● How to complete this task:
Look through the entries below and copy exactly the part that begins with the line containing "Days, Hesiod |" and ends with the line containing "Περί τις 16:30, ο". Do not copy the pictures.

● Material to process:
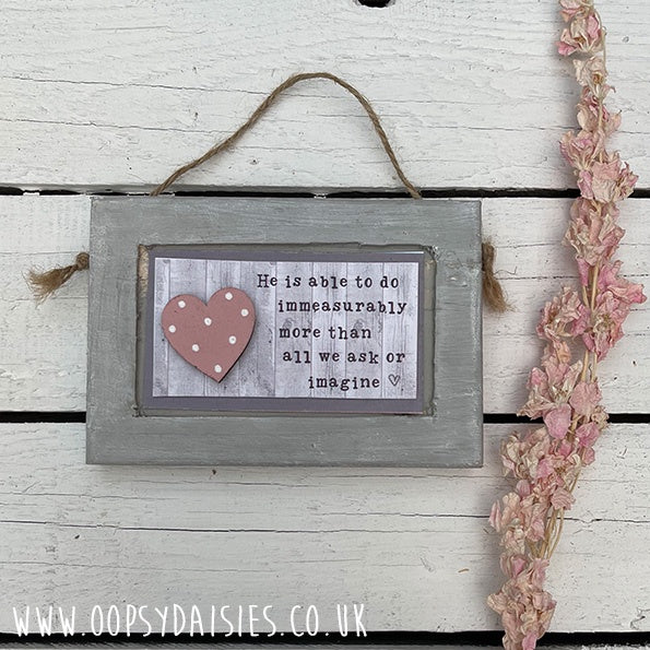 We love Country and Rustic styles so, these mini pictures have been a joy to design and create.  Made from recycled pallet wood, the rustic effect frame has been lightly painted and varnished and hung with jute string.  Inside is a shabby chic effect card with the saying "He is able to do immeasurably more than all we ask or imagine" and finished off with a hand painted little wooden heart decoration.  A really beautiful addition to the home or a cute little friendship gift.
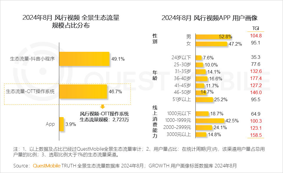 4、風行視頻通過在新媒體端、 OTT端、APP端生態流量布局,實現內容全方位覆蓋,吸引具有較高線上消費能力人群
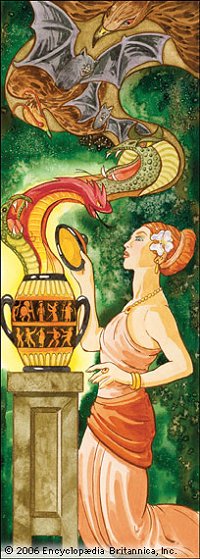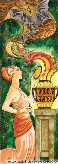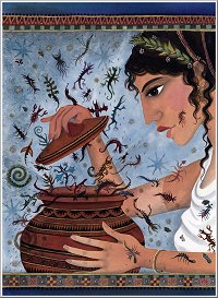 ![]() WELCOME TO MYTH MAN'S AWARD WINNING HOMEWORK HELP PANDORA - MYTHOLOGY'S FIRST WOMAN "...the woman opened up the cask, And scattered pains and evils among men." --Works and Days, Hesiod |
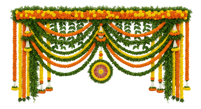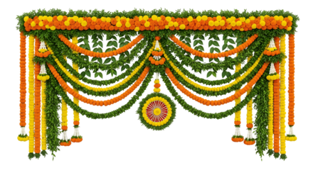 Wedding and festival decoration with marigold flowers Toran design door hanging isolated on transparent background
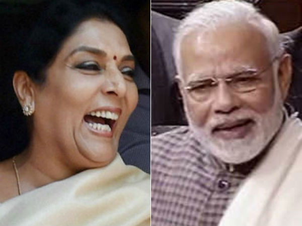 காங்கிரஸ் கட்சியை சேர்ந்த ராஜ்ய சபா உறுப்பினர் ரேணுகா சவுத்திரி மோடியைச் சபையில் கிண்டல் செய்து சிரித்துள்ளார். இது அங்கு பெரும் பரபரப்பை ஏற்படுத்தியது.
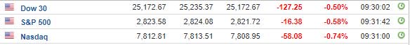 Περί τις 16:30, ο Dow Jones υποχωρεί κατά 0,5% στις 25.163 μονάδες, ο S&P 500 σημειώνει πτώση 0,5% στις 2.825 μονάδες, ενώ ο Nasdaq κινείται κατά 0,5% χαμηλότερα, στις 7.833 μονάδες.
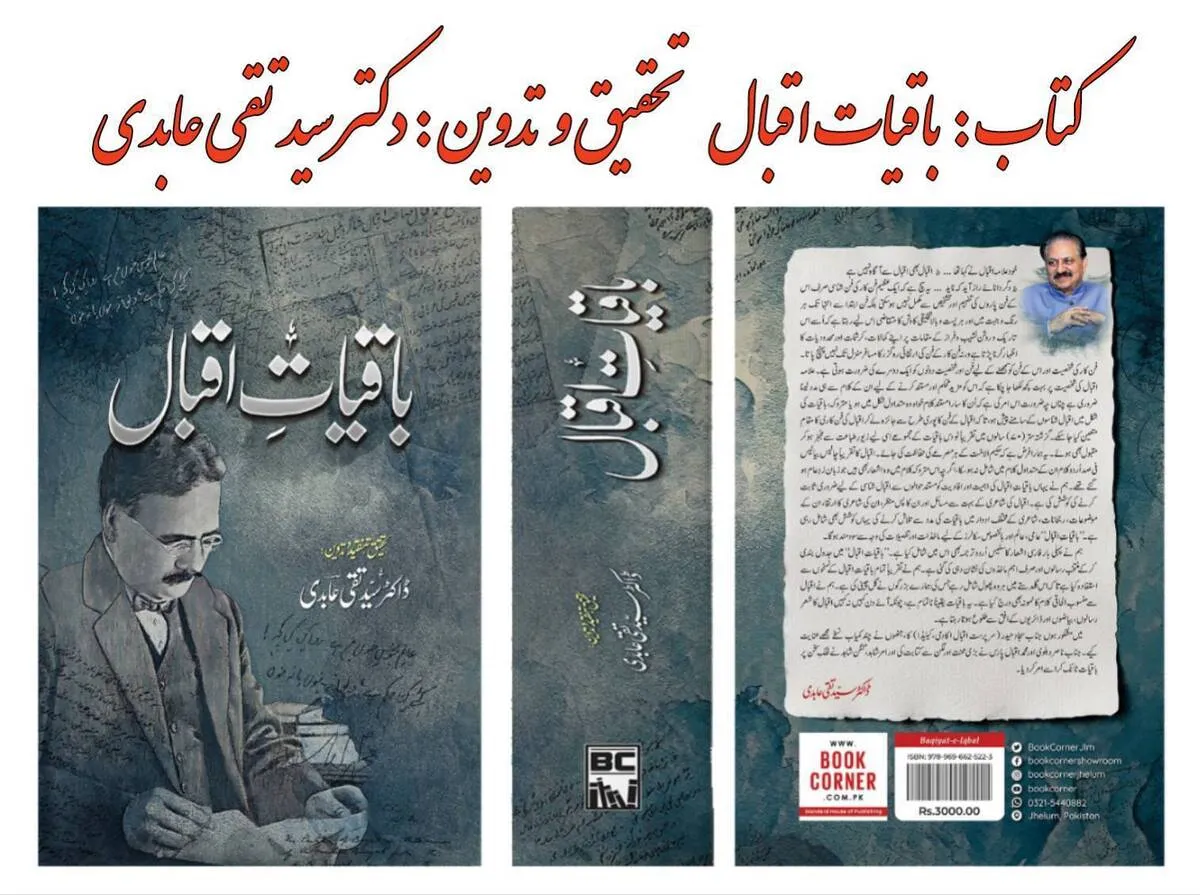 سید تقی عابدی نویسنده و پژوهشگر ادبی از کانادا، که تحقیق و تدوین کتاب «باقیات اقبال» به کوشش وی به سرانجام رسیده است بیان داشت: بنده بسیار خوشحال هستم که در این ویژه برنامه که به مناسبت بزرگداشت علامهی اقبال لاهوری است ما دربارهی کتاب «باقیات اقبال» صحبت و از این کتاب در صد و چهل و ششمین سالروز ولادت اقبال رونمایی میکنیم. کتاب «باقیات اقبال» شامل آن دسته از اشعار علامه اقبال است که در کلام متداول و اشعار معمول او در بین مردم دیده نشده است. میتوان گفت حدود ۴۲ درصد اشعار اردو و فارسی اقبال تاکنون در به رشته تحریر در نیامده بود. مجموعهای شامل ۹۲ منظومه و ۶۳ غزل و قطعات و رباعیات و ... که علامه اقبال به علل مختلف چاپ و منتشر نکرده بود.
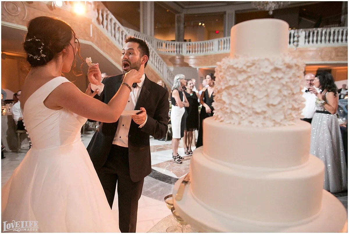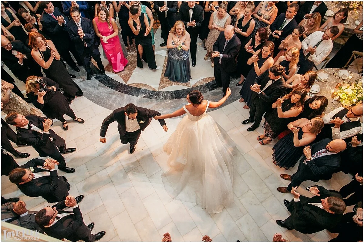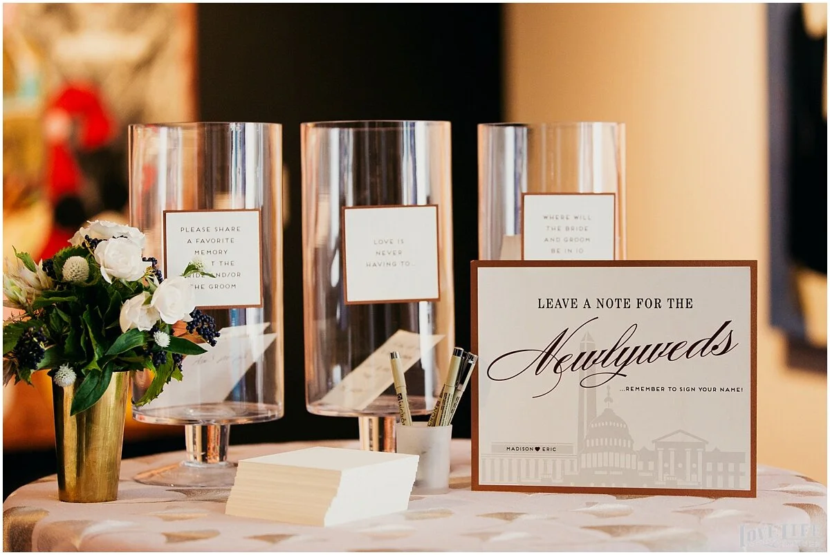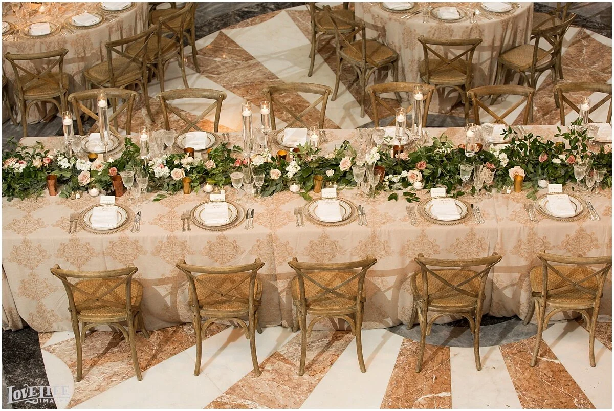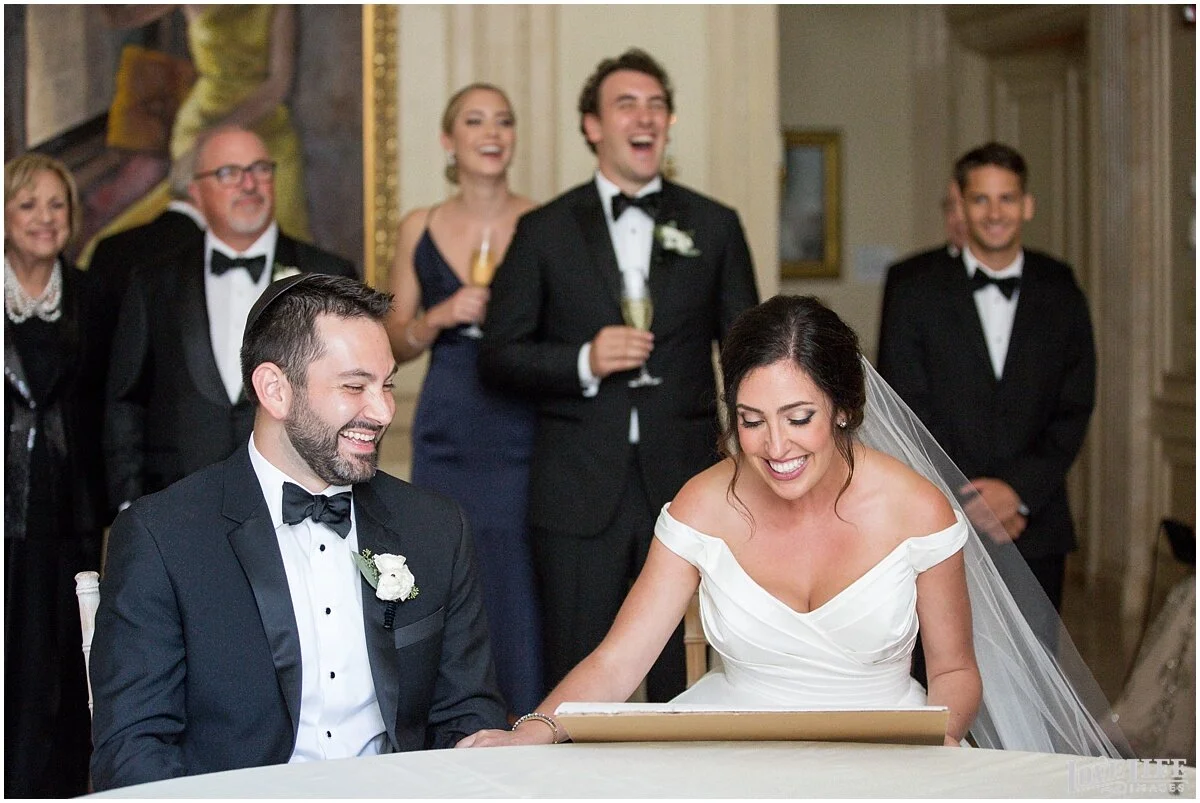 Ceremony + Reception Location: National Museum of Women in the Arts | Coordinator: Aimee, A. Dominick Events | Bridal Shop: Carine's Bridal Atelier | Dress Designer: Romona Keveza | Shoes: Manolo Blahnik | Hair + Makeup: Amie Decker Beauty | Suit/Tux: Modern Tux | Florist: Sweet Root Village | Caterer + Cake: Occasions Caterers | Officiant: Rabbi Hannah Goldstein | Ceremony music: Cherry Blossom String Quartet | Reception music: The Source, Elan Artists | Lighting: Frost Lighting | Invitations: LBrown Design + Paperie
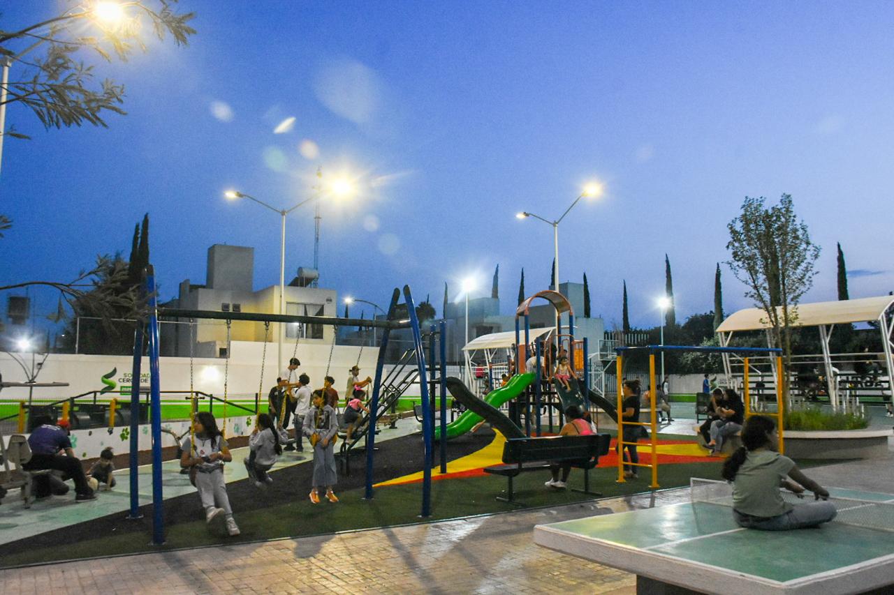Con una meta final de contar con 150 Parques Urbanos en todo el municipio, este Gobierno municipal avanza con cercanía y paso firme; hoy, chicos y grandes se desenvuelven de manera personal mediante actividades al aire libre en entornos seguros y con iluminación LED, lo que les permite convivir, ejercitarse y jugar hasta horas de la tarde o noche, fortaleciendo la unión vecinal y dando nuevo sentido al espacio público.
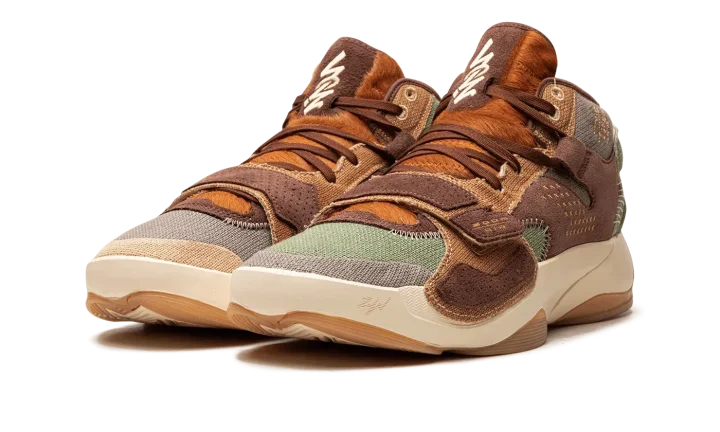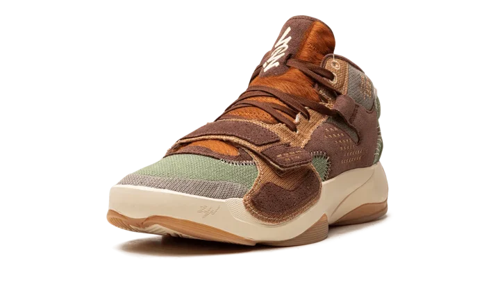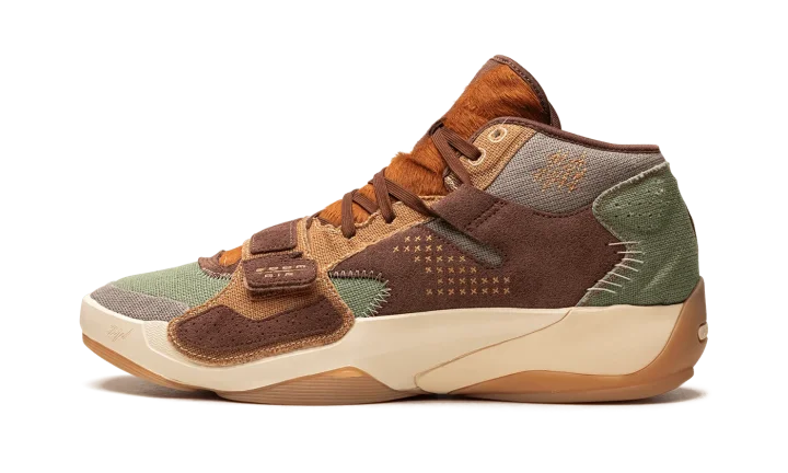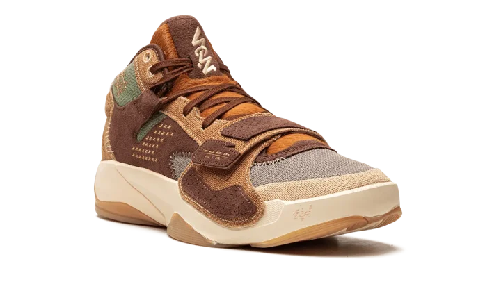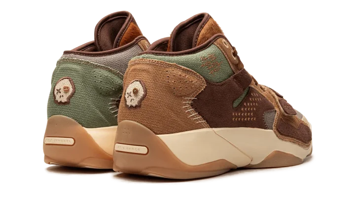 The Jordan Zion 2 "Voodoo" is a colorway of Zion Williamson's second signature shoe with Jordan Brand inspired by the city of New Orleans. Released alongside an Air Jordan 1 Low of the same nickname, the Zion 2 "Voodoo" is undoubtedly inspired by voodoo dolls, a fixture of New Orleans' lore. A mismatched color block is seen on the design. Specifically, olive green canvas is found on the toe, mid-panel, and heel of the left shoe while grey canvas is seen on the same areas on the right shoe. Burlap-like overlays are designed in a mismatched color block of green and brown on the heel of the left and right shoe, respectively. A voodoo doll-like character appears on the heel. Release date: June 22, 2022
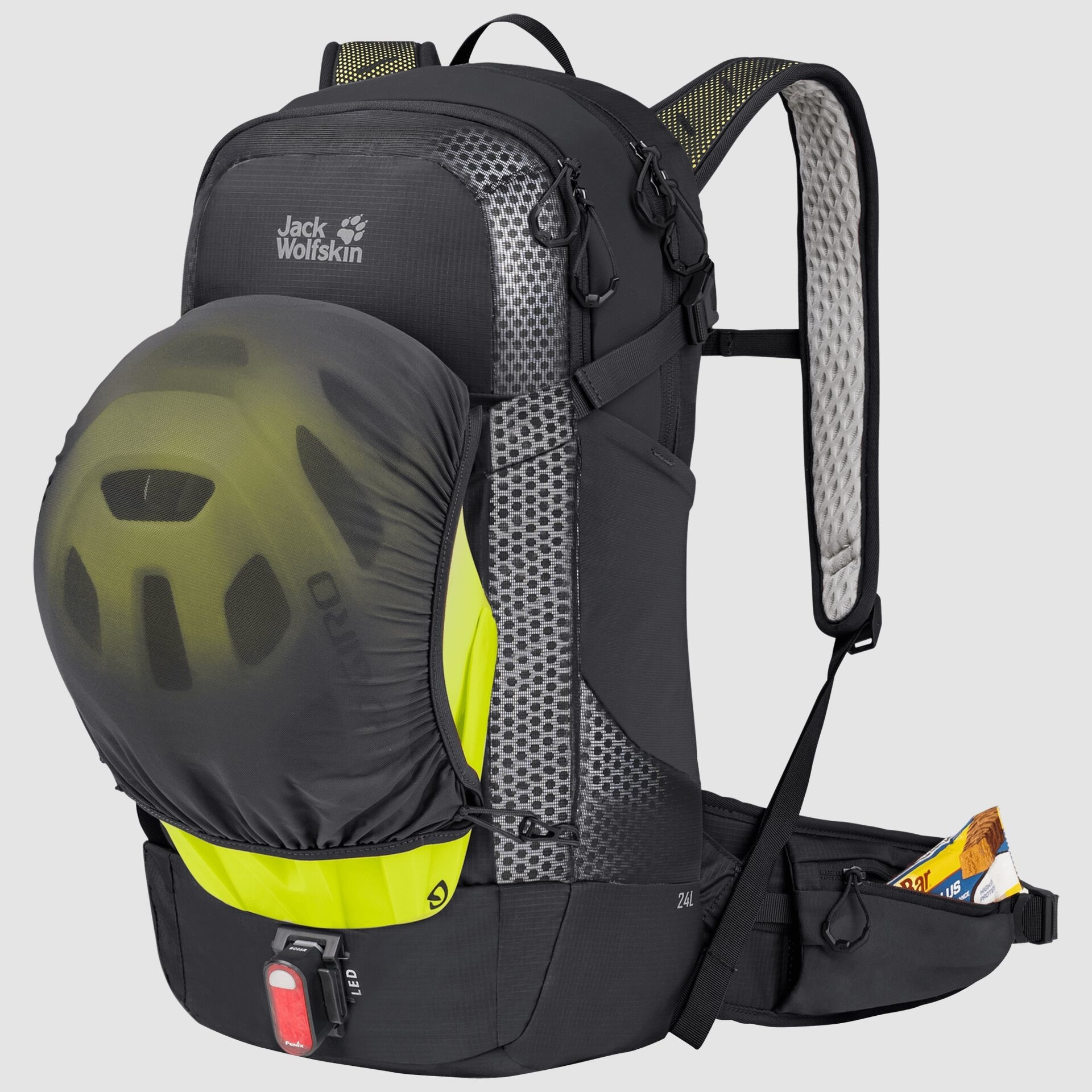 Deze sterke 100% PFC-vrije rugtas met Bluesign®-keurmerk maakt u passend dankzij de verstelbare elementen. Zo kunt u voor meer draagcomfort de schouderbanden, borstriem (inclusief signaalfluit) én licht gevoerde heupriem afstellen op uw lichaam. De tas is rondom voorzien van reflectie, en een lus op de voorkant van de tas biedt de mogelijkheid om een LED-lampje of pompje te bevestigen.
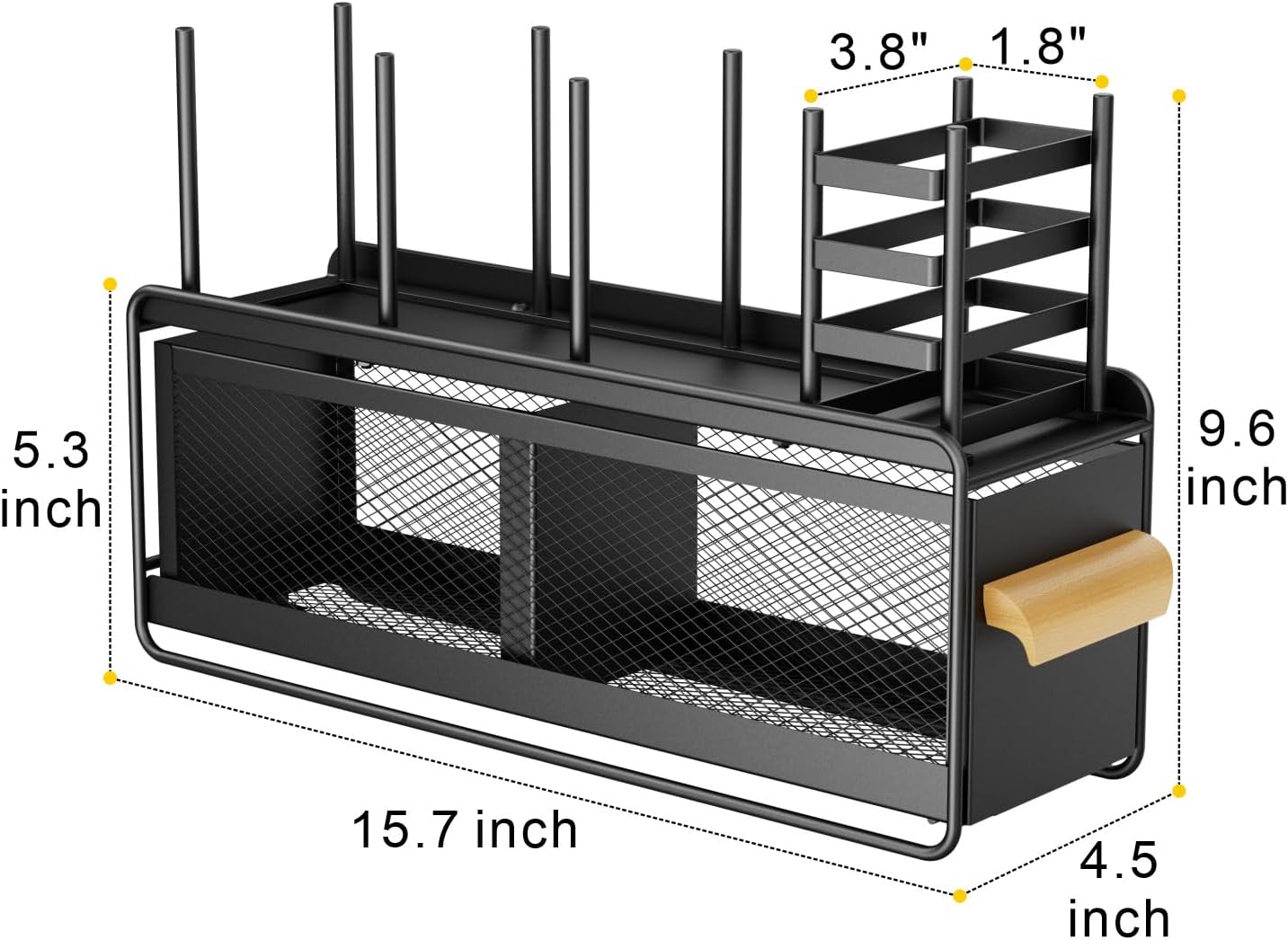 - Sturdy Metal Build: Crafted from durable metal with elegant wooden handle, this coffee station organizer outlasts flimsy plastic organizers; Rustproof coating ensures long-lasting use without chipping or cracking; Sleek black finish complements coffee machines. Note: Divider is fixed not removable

● Output for this task:
 ![]() WELCOME TO MYTH MAN'S AWARD WINNING HOMEWORK HELP PANDORA - MYTHOLOGY'S FIRST WOMAN "...the woman opened up the cask, And scattered pains and evils among men." --Works and Days, Hesiod |
 Wedding and festival decoration with marigold flowers Toran design door hanging isolated on transparent background
 காங்கிரஸ் கட்சியை சேர்ந்த ராஜ்ய சபா உறுப்பினர் ரேணுகா சவுத்திரி மோடியைச் சபையில் கிண்டல் செய்து சிரித்துள்ளார். இது அங்கு பெரும் பரபரப்பை ஏற்படுத்தியது.
 Περί τις 16:30, ο Dow Jones υποχωρεί κατά 0,5% στις 25.163 μονάδες, ο S&P 500 σημειώνει πτώση 0,5% στις 2.825 μονάδες, ενώ ο Nasdaq κινείται κατά 0,5% χαμηλότερα, στις 7.833 μονάδες.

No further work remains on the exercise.